However, since the goal of POR is to eliminate the need to explore excessive job execution orderings, we need to make a trade-off between the exactness of the analysis and its scalability. In this work, we propose an exact schedulability analysis that returns safe but not tight response-time bounds (i.e., the lower bound reported by our solution might be smaller than the actual BCRT of a job and the upper bound reported by our solution might be larger than the actual WCRT of the job) in exchange for a reduced state-space.
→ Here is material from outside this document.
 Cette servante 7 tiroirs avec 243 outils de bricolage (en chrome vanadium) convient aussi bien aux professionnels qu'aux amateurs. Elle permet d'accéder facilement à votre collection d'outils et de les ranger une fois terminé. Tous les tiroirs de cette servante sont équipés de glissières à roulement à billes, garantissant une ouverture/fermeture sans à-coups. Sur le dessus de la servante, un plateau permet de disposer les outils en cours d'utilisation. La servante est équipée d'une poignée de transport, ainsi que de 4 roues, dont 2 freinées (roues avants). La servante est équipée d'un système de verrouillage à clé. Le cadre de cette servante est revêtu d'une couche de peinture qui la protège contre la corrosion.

That is, we present an analysis that satisfies both conditions (i) and (ii) of Definition 3 but only condition (i) of Definition 4.

Thus, we define a safe partial-order reduction as follows.

Definition 5

A POR of a set of jobs \(\mathcal {J}^S\) is safe iff it maintains both conditions of Definition 3 (i.e., provide an exact schedulability analysis) and satisfies condition (i) in Definition 4 (i.e., derives safe bounds on the response time).
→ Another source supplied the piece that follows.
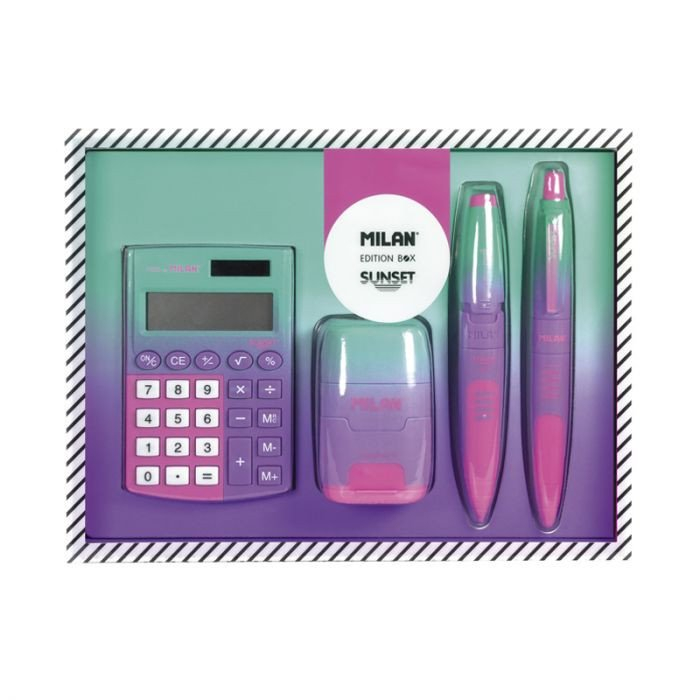 Dárkový set edice MILAN Sunset. • kalkulačka se základními funkcemi • pryž se ořezávátkem Capsule • kuličkové pero • mikrotužka

The key to having a safe POR is that the jobs in the reduction set do not affect the response time of the jobs that are not contained in the reduction set. Therefore, we define a safe reduction set as follows.

Definition 6

Given a system state \(v_p\), a set of jobs is a safe reduction set (denoted by \(\mathcal {J}^M(v_p)\)) iff there is no other job in \(\mathcal {J} \setminus (\mathcal {J}^M(v_p) \cup \mathcal {J}^P)\) that can start executing before all jobs in \(\mathcal {J}^M(v_p)\) finish their execution.
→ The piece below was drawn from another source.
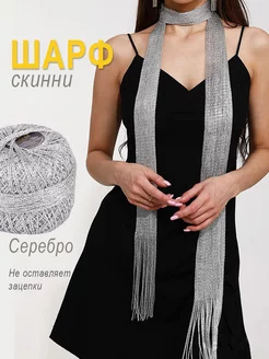 Узкий шарф скинни вязаный серебряный

For simplicity, we omit to specify the state in the notation and simply denote a safe reduction set by \(\mathcal {J\,}^M\) when it is apparent from the context which state is being referred to. We will discuss how to compute \(\mathcal {J\,}^M\) in detail in Sect. 4.4.

Having defined the criteria that should hold for a safe POR with a safe reduction set, we are ready to formally introduce our problem as follows:

Problem 1

Given a system state \(v_p\), find a safe reduction set \(\mathcal {J\,}^M\) that satisfies the conditions of Definitions 5 and 6.

4.2 Overview of the solution

Fig. 2
figure 2

An overview of the partial-order reduction before exploring a state \(v_p\): from the initial candidate reduction set to constructing a safe reduction set

This section provides an overview of our solution for partial-order reduction (shown in Fig. 2). As mentioned earlier, the key idea is to construct a safe reduction set \(\mathcal {J\,}^M\) before letting the original SAG analysis explore a state \(v_p\). If we find such a safe reduction set, then we add all jobs in \(\mathcal {J\,}^M\) on one single edge that evolves state \(v_p\) to the next system state (as shown in the example in Fig. 1d). Otherwise, we let the original SAG analysis explore all the possible states reachable from state \(v_p\). In that case, one outgoing edge per potential direct successor job of state \(v_p\) will be added to \(v_p\). These two outcomes are shown on the right side of Fig. 2. A more formal explanation of this process will be presented in Sect. 4.9 (Algorithm 4), after we put all pieces of the analysis together.

There are various ways to find out which jobs could form a safe reduction set. However, the method used to form one such set must have low computational complexity, as otherwise, it increases, instead of decreasing, the overhead of building the SAG. To have an efficient solution, we follow a greedy iterative approach (shown on the left side of Fig. 2, and later formalized in Algorithm 4). We first form an initial candidate job set (Step 1) and then repeatedly expand it to include any job that may interfere with the execution of the jobs in the candidate set (Steps 2–5). An interfering job is one that can potentially execute between two jobs in the candidate set.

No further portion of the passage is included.